Credit…Jim Wilson/The New York Times

Some of her neighbors disagree. Last week, someone taped the window with a passionate response to Ms. Stelzriede’s sign. “MILLIONS upon MILLIONS of school kids suffered for more than 40 YEARS,” the letter said. “Disneyland + other MEGA CORPORATIONS are still assessed at their same property values from decades ago. PROP 15 = FAIR + JUST! It’s TIME.”

But it’s not just businesses that own their buildings that are worried. Across the state, landlords construct commercial leases so that tenants are responsible for a portion of the property taxes (doing this increases the value of the building in the event the property is sold and the taxes are reassessed).

“Virtually no landlords give Proposition 13 protection,” said Gerald Porter, founding principal of Cresa, a commercial real estate company in Los Angeles.

Clauses like that have Laurie Thomas, the owner of two small restaurants — Rose’s Café and Terzo, both in San Francisco — worried that she and other restaurant owners will be hit by higher taxes if Proposition 15 passes. Today, as part of her lease, Ms. Thomas is responsible for about $6,000 a year in property taxes at one of her locations.

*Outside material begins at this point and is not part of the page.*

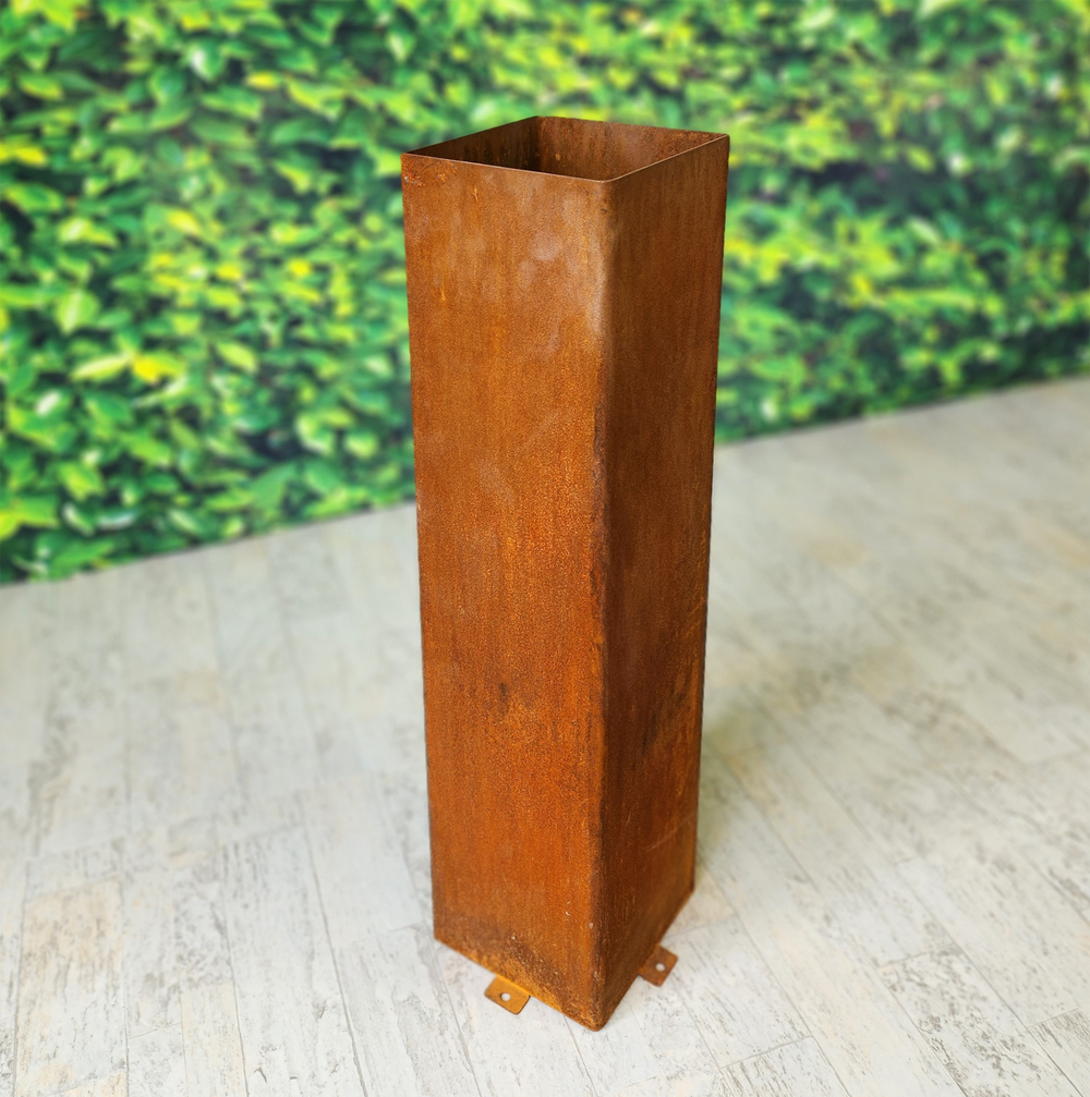 Garden columns are a great way to add visual contrast to your garden, flower bed, or deck. This blank garden design is solid on all four sides so it looks great from anywhere in your yard. Each column is welded by hand and pre-rusted so it will blend in with your landscape as soon as you place it in your space. They work great as a stand-alone monolith or combine 2 or more for extra texture. They even make great platforms for climbing vines or vegetable gardening where you have a plant that needs something to grow on like tomatoes or beans.
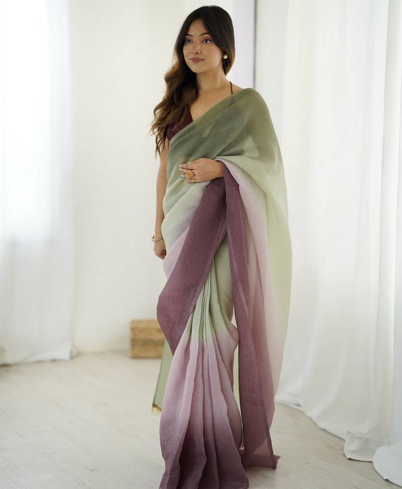 Designer Green Wine Color Candy Crush Silk Fabric Stylish Pre Stitched Saree

She estimates that would jump to about $40,000 if the building was assessed at market value. “Our lease clearly says that I am on the hook for 50 percent of the property taxes — it’s a direct pass-through,” she said.

Mr. Thornberg, the economist, doubts that this can happen on a large scale. Much more than property taxes, he said, lease rates reflect market fundamentals like size, location and a building’s particular amenities.

In a recent study for the Silicon Valley Foundation, Mr. Thornberg’s firm tried to gauge the impact of Proposition 15 on leases by analyzing commercial rents in similar buildings with different tax bills. “The owners of these buildings who are paying well below market tax rates are not passing the savings to their tenants,” he said. “In other words, they are charging what the market will bear and are unlikely to be able to pass along additional costs.”